Or posting a message on a Somerset Family History Forum?
Shame that so much is destroyed so readily.


----------



## Peter4447 (Jan 26, 2006)

In thanking those members who very kindly offered their assistance, I think I have now with the help of a very kind gentleman, been able to solve the mystery.
My understanding is that the West Somerset Shipping Company was formed around 1963 and it leased some of the West Pier in Watchet to undertake shipbreaking.

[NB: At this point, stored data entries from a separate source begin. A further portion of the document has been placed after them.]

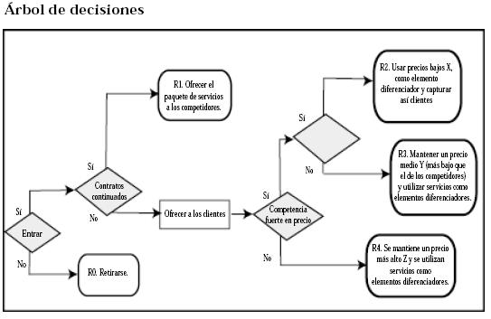 Un plan de entrada potencial que una empresa podría utilizar en la estructuración de su decisión de entrar, es el árbol de decisiones. Al emplear un árbol de decisiones para modelar la forma en la cual las empresas piensan entrar a la industria, es posible identificar los factores que mantienen fuera a las nuevas empresas que desean entrar. Estos factores, que tienden a impedir la entrada de nuevas empresas se conocen como barreras de entrada, estas barreras son significativas porque determinan en gran parte lo amistoso del ambiente en el cual competirá la organización.
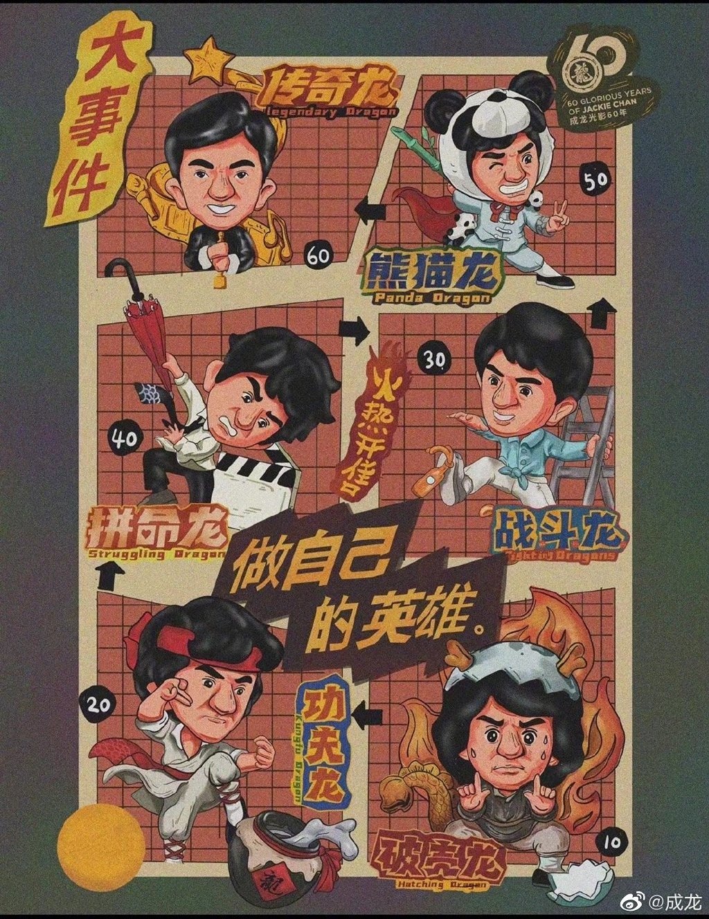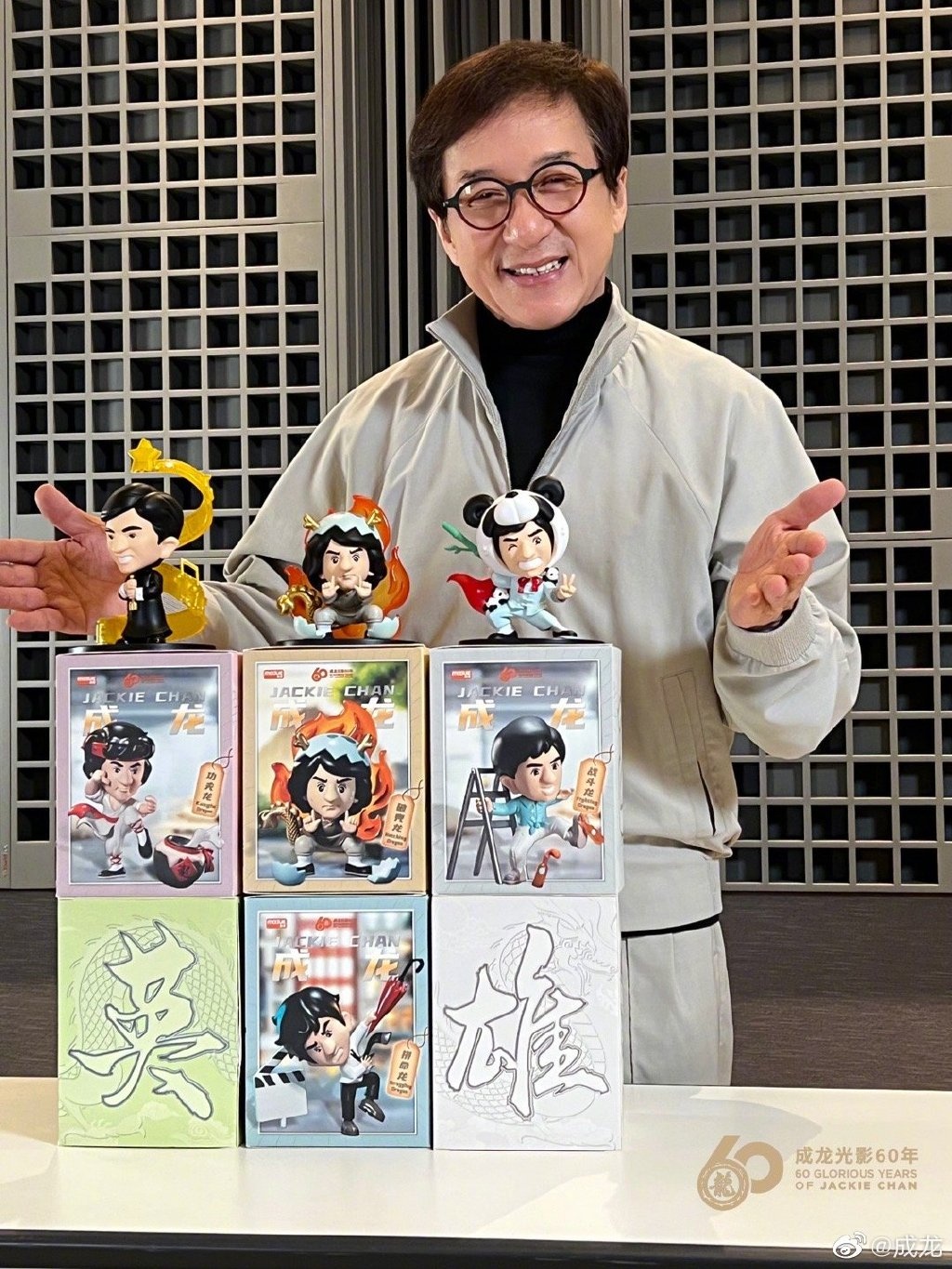 除此以外,成龙还晒出了纪念其从影60周年的萌态各趣的卡通手办。
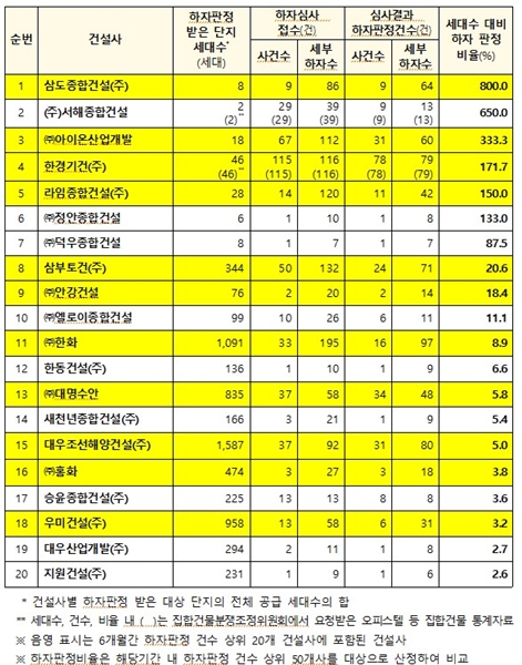 하자판정 비율을 기준으로 하면 8가구에서 64건의 하자가 발생해 하자 판정 비율 800%를 기록한 삼도종합건설이 1위에 랭크됐다. 2~5위는 ▲서해종합건설(650%) ▲아이온산업개발(333.3%) ▲한경기건(171.7%) ▲라임종합건설(150%)로, 공급 가구수가 50가구 미만인 소규모 업체가 주를 이뤘다.
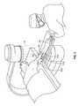 In the illustrated embodiment,sheath assembly300 is retained in a curved configuration including a 180° curve. The operator is able to introduce aninterventional tool40 intoport316 ofcurvable tube310 in a first direction towards the patient's abdomen, for example.Interventional tool40 passes throughcurvable tube310 and entersaccess point30, directly or indirectly, in a second direction that is opposite, or rotated 180°, relative to the first direction.Curvable tube310 in a curved configuration thus allows a physician or healthcare practitioner to operate away from a field ofradiation15 and/or while in an ergonomic position. The operator's hands are positioned outside of field ofradiation15 during the operation, and the physician's head, neck and other body part's may be positioned a greater distance from field ofradiation15.

This never happened and the only ship the Company ever handled was the Motor Barge Renwick which delivered a cargo of wheat to the port during a strike in the mid 1960's.
The MD of the Company was regarded by the locals as being somewhat eccentric and had a car that could travel on water and, as such, he would often drive it around the harbour waving at the onlookers.
The lease changed hands around 1967 and the Company would appear to have then been dormant until it was wound up in the early 70's. 
Again my thanks to all.
Peter4447(Thumb)


----------



## treeve (Nov 15, 2005)

So glad you have found the answer ....
I seem to remember the story of the man in the floating car, there was also someone in London with one that he used to cruise up the Thames.
Best Wishes, Raymond


----------



## treeve (Nov 15, 2005)

This may be detailed in the book by 
W H Norman: Tales of Watchet Harbour 2002


----------